L’autre raison porte sur l’organisation du scrutin…
« Qui s’est déroulé de la même façon pour choisir le candidat à la présidentielle. Pourquoi n’y a-t-il pas eu de recours pour la présidentielle ? »
Après la décision de la commission départementale, des négociations ont-elles été entamées avec Serge De Carli, que vous avez battu lors de l’élection interne, pour qu’il ne se présente pas en candidat libre ?
« Le comité souhaitait connaître les intentions de Serge De Carli. Savoir s’il allait partir de son côté ou pas. Je lui ai écrit pour évoquer cette situation, mais je n’ai eu aucune réponse. C’est dommage. Si cela avait été le sens inverse, on aurait déjà les affiches sous le bras et on serait prêt à tracter comme un seul homme. »
Et si Serge De Carli décide de se présenter ?
« S’il part, ce sera sans étiquette, car le candidat PCF-Front de gauche, c’est moi. J’ai été acté. Il y aura deux candidats, mais il portera la responsabilité des résultats. J’espère vraiment qu’on va réussir à rassembler. Cette bataille fratricide ne rime à rien, nous avons besoin de toutes les forces pour mener une politique de gauche radicale. »
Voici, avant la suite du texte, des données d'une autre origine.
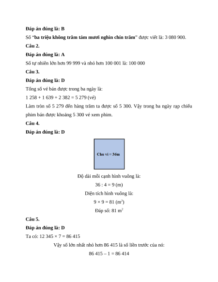 Số tự nhiên lớn hơn 99 999 và nhỏ hơn 100 001 là: 100 000 Câu 3. Đáp án đúng là: D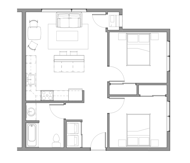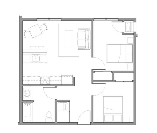 Our one bedrooms are thoughtfully designed to maximize natural light and feature high ceilings. The open-concept layout blends the living and sleeping areas, with a full-sized kitchen, so you can entertain without compromise.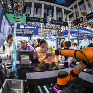 11月27日,人们在第二届中国国际供应链促进博览会先进制造链展区西门子展台参观AI迷你调酒工厂。新华社记者 张豪夫 摄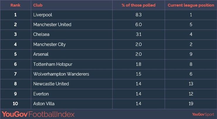 В десятку самых популярных команд Великобритании также попали "Тоттенхэм Хотспур", "Вулверхэмптон Уондерерс", "Ньюкасл Юнайтед", ливерпульский "Эвертон" и бирмингемская "Астон Вилла".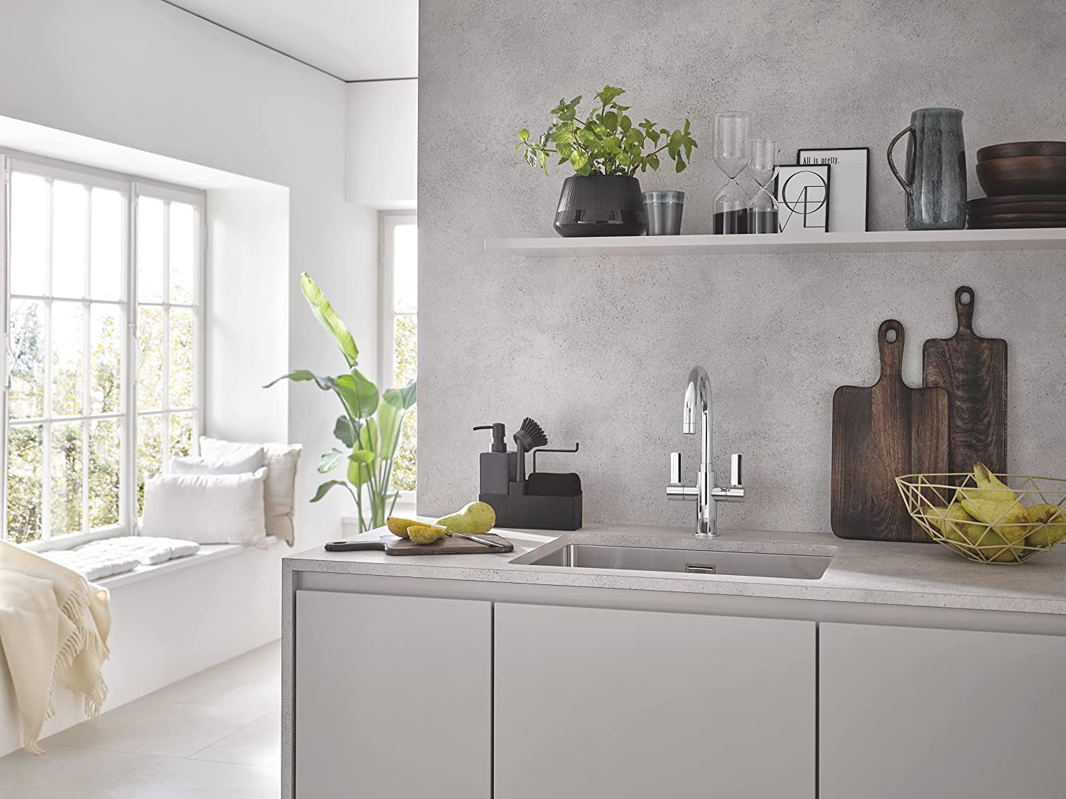 Avec ses lignes épurées et son grand espace intérieur, l'évier en acier inoxydable GROHE K700 est la solution parfaite pour les cuisines minimalistes modernes.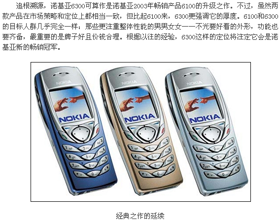 一直以来,诺基亚并没有太过于专注向潮流手机方向发展,尤其是这股刮遍业界的超薄风,对诺基亚的影响甚微。在许多厂商为了追求更薄的机身而牺牲一部分手机功能之时,诺基亚多年以来的经验却让他们坚信——这种做法是没有必要的。相比其外观上的“至薄”来说,它们更强调产品在各方面的平衡:无论是设计、硬件还是软件的配备。作为诺基亚6系列的新一代产品,6300与这个系列的其他直板手机一样,将焦点放在提升产品的性价比上。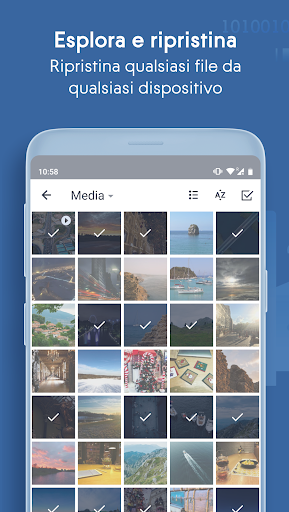 Ripristino sullo stesso dispositivo, su un dispositivo da cui sono stati cancellati i dati o su uno nuovo di zecca, passando facilmente da Android a iOS e viceversa.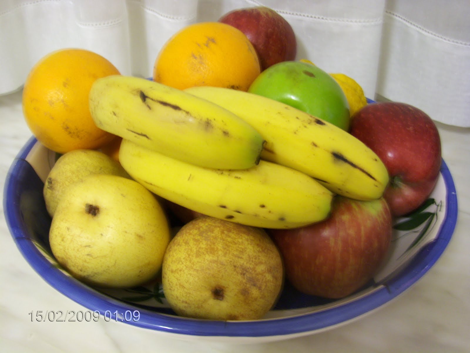 ~ Vários tipos de frutas a gosto: maça, pera, banana, pessego, manga, morangos, uvas, melão, etc.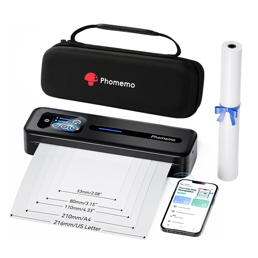 Phomemo M832D Máy in A4 di động nâng cấp có màn hình cảm ứng, Máy in không mực nhiệt không dây Bluetooth 300DPI cho doanh nghiệp du lịch Tài liệu, hóa đơn, hình ảnh, bài tập và in dữ
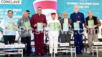 Photo Caption : Governor of Karnataka Thaawar Chand Gehlot with Prof. C Rajkumar, Founding Vice Chancellor, OP Jindal Global University, Dr. AVS Murthy, RK University, Justice Michael D Wilson, Former Judge, Supreme Court of Hawai, USA, Prof. R Padmanabha, Dean, Office of Academic Governance, JGU and Prof. R Sudarshan, Dean, Jindal School of Government during the inauguration of "Bengaluru Sustainability Conclave" at a private hotel, in Bengaluru on Tuesday 3rd June 2025

Avez-vous recueilli le soutien d’élus du bassin ?
« Oui, les maires de Saulnes et Longlaville, des membres de leurs conseils municipaux. A Villerupt aussi, des adjoints me soutiennent. Mais il faut rassembler encore plus. »
Pourtant, un second recours vient d’être déposé…
« On nous cherche vraiment des poux sur la tête. Le comité départemental a donné son avis. Au nom de quoi Maryvonne Musset fait-elle un recours ? Elle n’est pas à l’origine du premier, cela n’a pas de sens. Nous sommes à la disposition du national, on peut fournir toutes les pièces nécessaires qui prouvent que nous n’avons pas triché. »
Vous démarrez officiellement votre campagne. Comment allez-vous séduire vos électeurs ?
« Lors de la kermesse du Parti communiste, j’ai appelé toutes les forces à se réunir. Nous avons perdu un peu de temps avec le recours, mais maintenant c’est parti. Des rendez-vous sont programmés sur les marchés de Villerupt et Longwy. Nous ferons campagne également pour le candidat de la présidentielle. Je suis très confiant et je sens bien les choses. J’ai déjà beaucoup de messages positifs. On sent qu’il y a une attente de changement ! »

Propos recueillis par Sandra Nonnenbruck (Républicain Lorrain du 12 Octobre 2011).